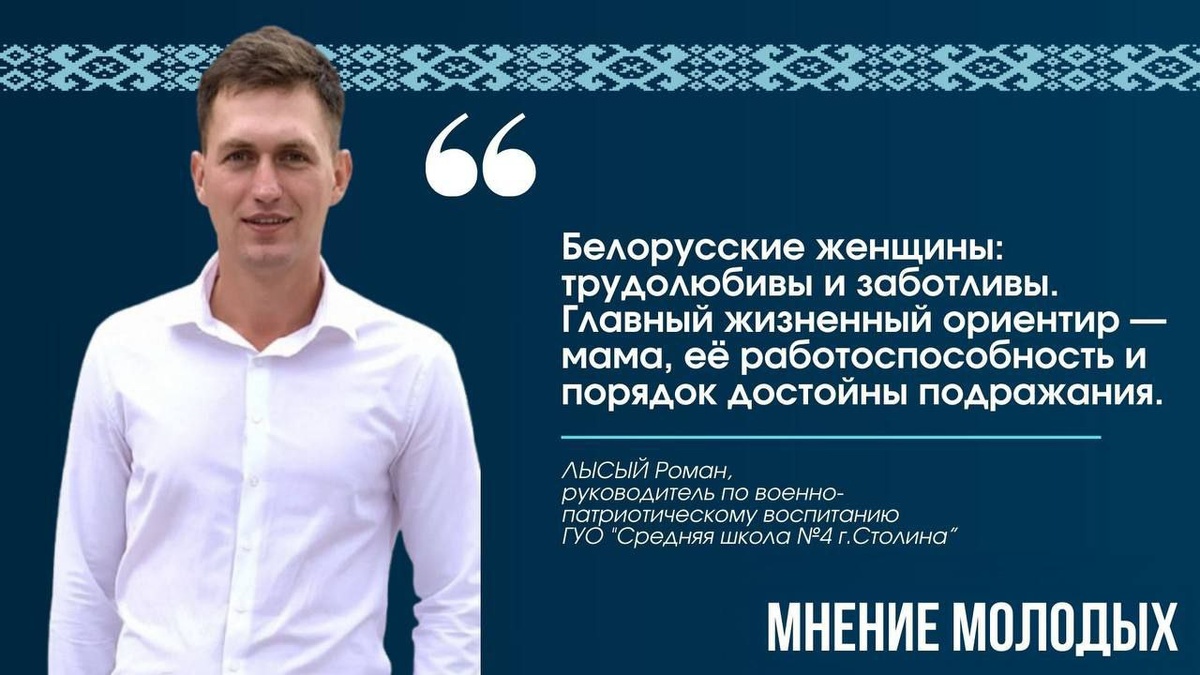Роман Лысый ,руководитель по военно-патриотическому воспитанию ГУО "Средняя школа №4 г.Столина" — Белорусские женщины: трудолюбивы и заботливы. — Главный жизненный ориентир — мама, её работоспособность и порядок достойны подражания.
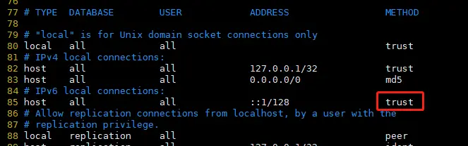 2020-03-13 00:25:00.002 CST [13650] DETAIL: Connection matched pg_hba.conf line 85: "host all all ::1/128 ident"
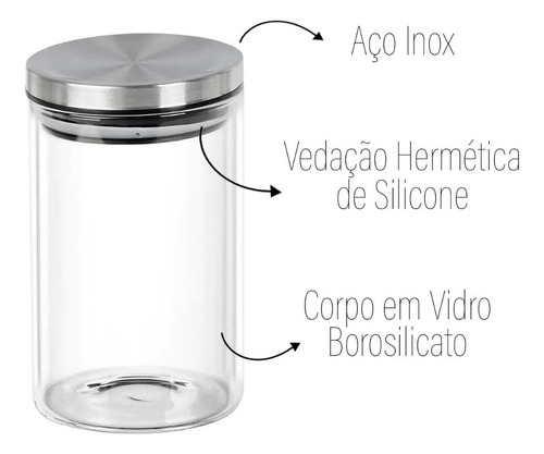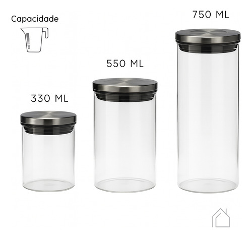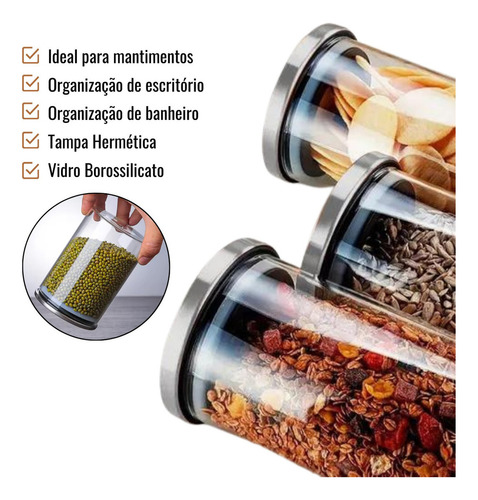 Potes Hermético Vidro Tampa Inox Kit 3 Unidades Mantimentos
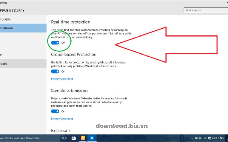 Bước 4: Tắt Real-time Protection: Trong giao diện mới, chọn Virus & Threat Protection > Manage Settings. Tại đây, bạn sẽ thấy tùy chọn Real-time Protection (Bảo vệ thời gian thực). Chuyển nút sang Off.
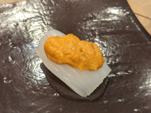 いつもの5貫おまかせは、定番のイカのウニ載せ。今回はいつもよりウニが巨大で思わず瞠目。
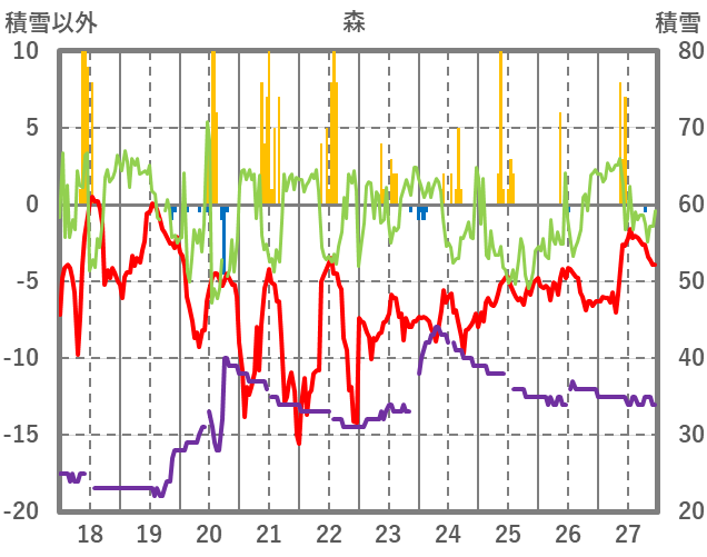 | 日 | 時 | 気温 | 降水 | 風向/風速 | 日照 | 積雪 | 降雪 |
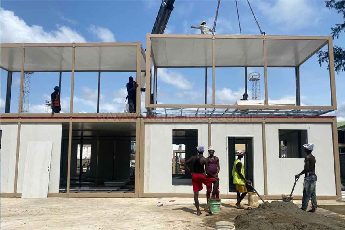Outra vantagem importante do sistema aparafusado é que ele oferece a oportunidade de transportar facilmente a estrutura produzida em um país estrangeiro como a Turquia para a Nigéria. Com o sistema do contentor completamente desmontável da Karmod, o limite de tamanho de unidade de 230x595cm para caber em um contêiner marítimo também foi excedido. O requisito de unidade de encadernação padrão de 14 m2 foi removido e o contentor de nova geração foi aumentado para dimensões de 21, 27 e até 36 m2.
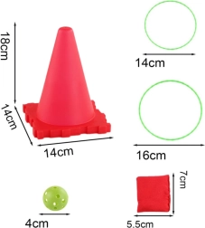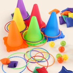 • 3 Spiele in 1: Bälle in Kegel, Zielwurf mit Säckchen, Ringwurf
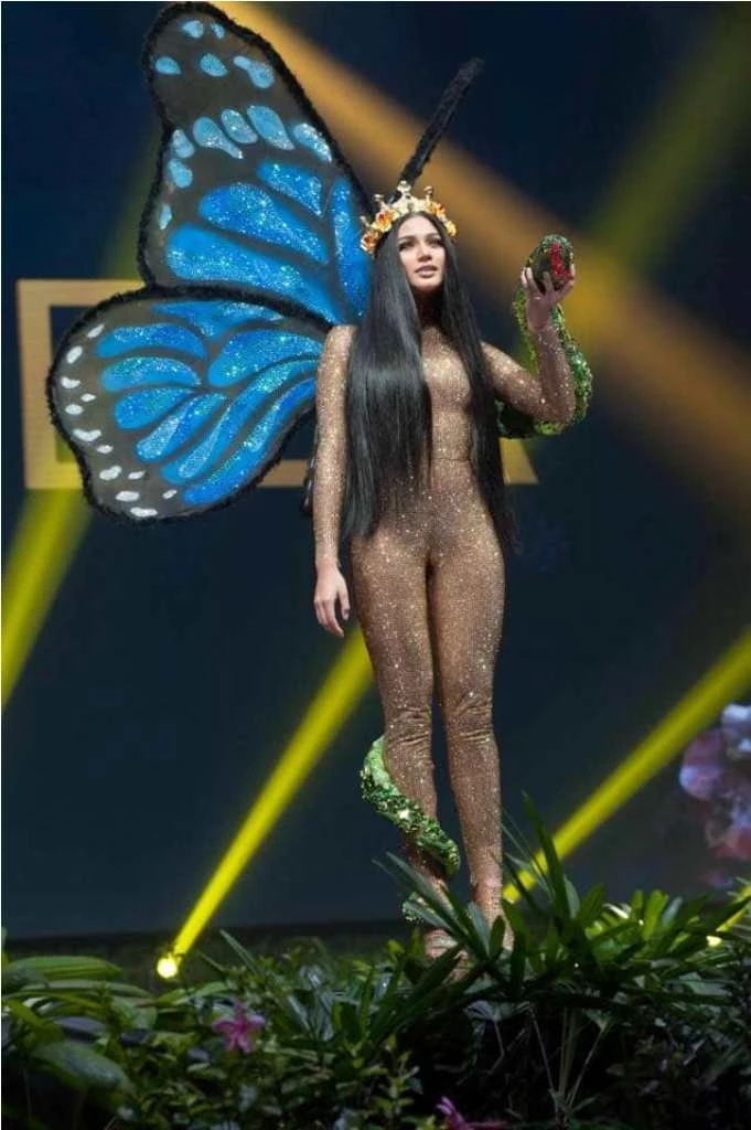 Trang phục dân tộc ấn tượng của hoa hậu Venezuela lấy cảm hứng từ loài bướm và tắc kè hoa.

+ + + + + + +

Without including any picture, set down the listing above exactly as it appears.

== Solution for this exercise ==
Роман Лысый ,руководитель по военно-патриотическому воспитанию ГУО "Средняя школа №4 г.Столина" — Белорусские женщины: трудолюбивы и заботливы. — Главный жизненный ориентир — мама, её работоспособность и порядок достойны подражания.
 2020-03-13 00:25:00.002 CST [13650] DETAIL: Connection matched pg_hba.conf line 85: "host all all ::1/128 ident"
 Potes Hermético Vidro Tampa Inox Kit 3 Unidades Mantimentos
 Bước 4: Tắt Real-time Protection: Trong giao diện mới, chọn Virus & Threat Protection > Manage Settings. Tại đây, bạn sẽ thấy tùy chọn Real-time Protection (Bảo vệ thời gian thực). Chuyển nút sang Off.
 いつもの5貫おまかせは、定番のイカのウニ載せ。今回はいつもよりウニが巨大で思わず瞠目。
 | 日 | 時 | 気温 | 降水 | 風向/風速 | 日照 | 積雪 | 降雪 |
Outra vantagem importante do sistema aparafusado é que ele oferece a oportunidade de transportar facilmente a estrutura produzida em um país estrangeiro como a Turquia para a Nigéria. Com o sistema do contentor completamente desmontável da Karmod, o limite de tamanho de unidade de 230x595cm para caber em um contêiner marítimo também foi excedido. O requisito de unidade de encadernação padrão de 14 m2 foi removido e o contentor de nova geração foi aumentado para dimensões de 21, 27 e até 36 m2.
 • 3 Spiele in 1: Bälle in Kegel, Zielwurf mit Säckchen, Ringwurf
 Trang phục dân tộc ấn tượng của hoa hậu Venezuela lấy cảm hứng từ loài bướm và tắc kè hoa.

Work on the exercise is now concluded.